Rajah & Tann – TSP & flashpoint cases, and the settlement of bunker claims
Max Lim, Partner at law firm Rajah & Tann Singapore, said he has encountered several bunker claims regarding total sediment potential (TSP) and flashpoints this year.
“However, thankfully, in my experience, many of these cases have actually reached settlement at a very early stage. I believe that the onset of the Covid-19 pandemic has greatly reduce any impetus or desire for long legal fights, be in arbitration or in the courts,” shared Lim.
“What has proven to be very instrumental in the outcome of these cases, is evidence.
“For shipowners, it is highly essential that evidence and samples are retained, and proper records are kept. Apart from seeking legal advice early in the game, shipowners will also benefit from retaining technical experts from the get go.

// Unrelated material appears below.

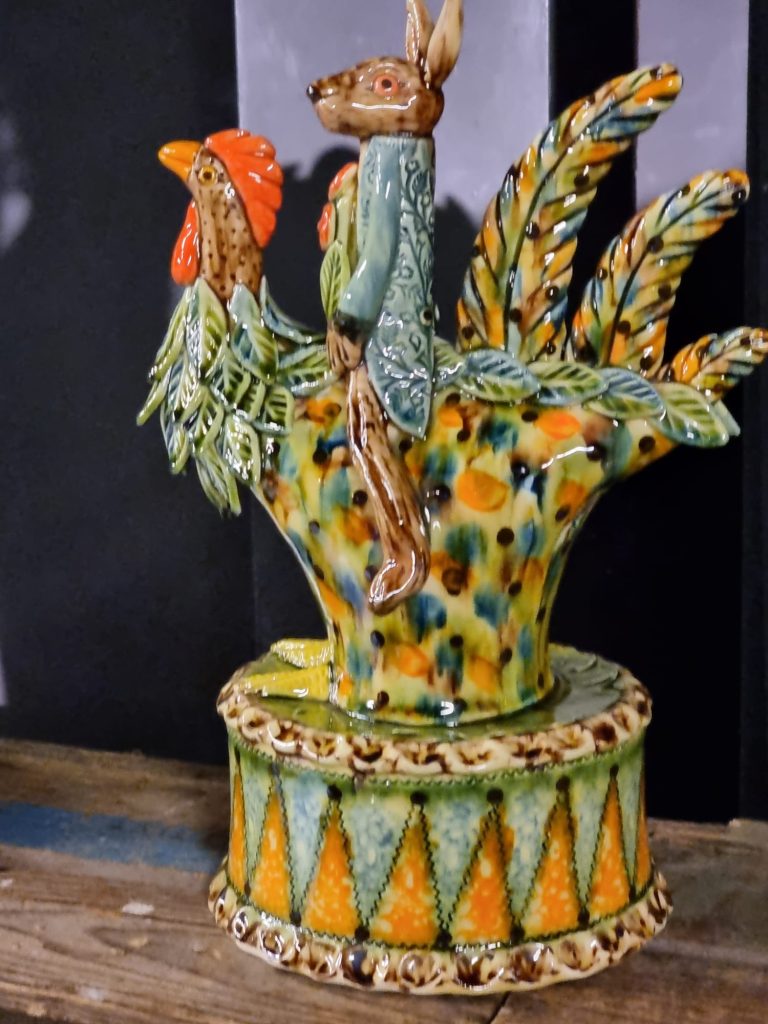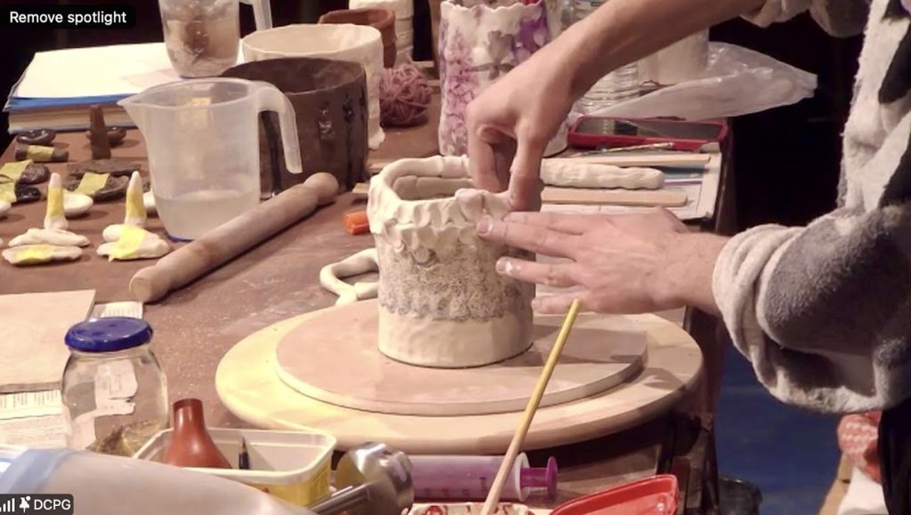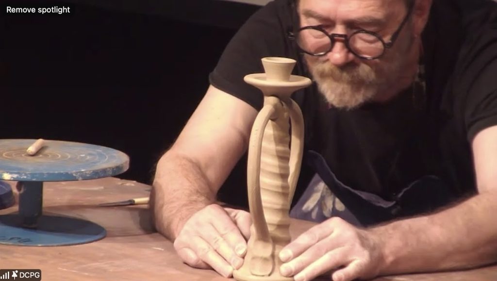 Demonstrator Paul Young who draws on English earthenware, slipware, and European folk art, especially the Staffordshire wares of the 18th century, blending tradition with a modern, personal touch.

“So at the end of the day, really, this is all about having all your ducks in a row and being ready.”
Lim noted the Covid-19 pandemic has reduced the demand for air travel and this has resulted in jet fuel becoming a fairly popular blending component in the production of low sulphur bunker fuel for the marine industry.
The development has caused more off-spec claims due to lower flashpoint generated; the higher flammability of marine fuel may lead to a very serious safety risk for ships, he says.
Lastly, Lim noted mediation – a fairly popular and effective mechanism of dispute settlement between businesses – has not been as widely accepted by the bunkering industry as one would expect.
“Based on my personal experience as far as bunker claims go, be it for contamination or others, mediation somehow is not so common,” he notes.
“My personal take is this: For bunker players, given the network of relationships between the traders, they perhaps find it easier to resolve matters amongst themselves without having to resort to a neutral third party.
“So, if I may just summarise. Really, I think that at the end of the day the lesson learnt is all things in life is about finding the right mix and blending in.”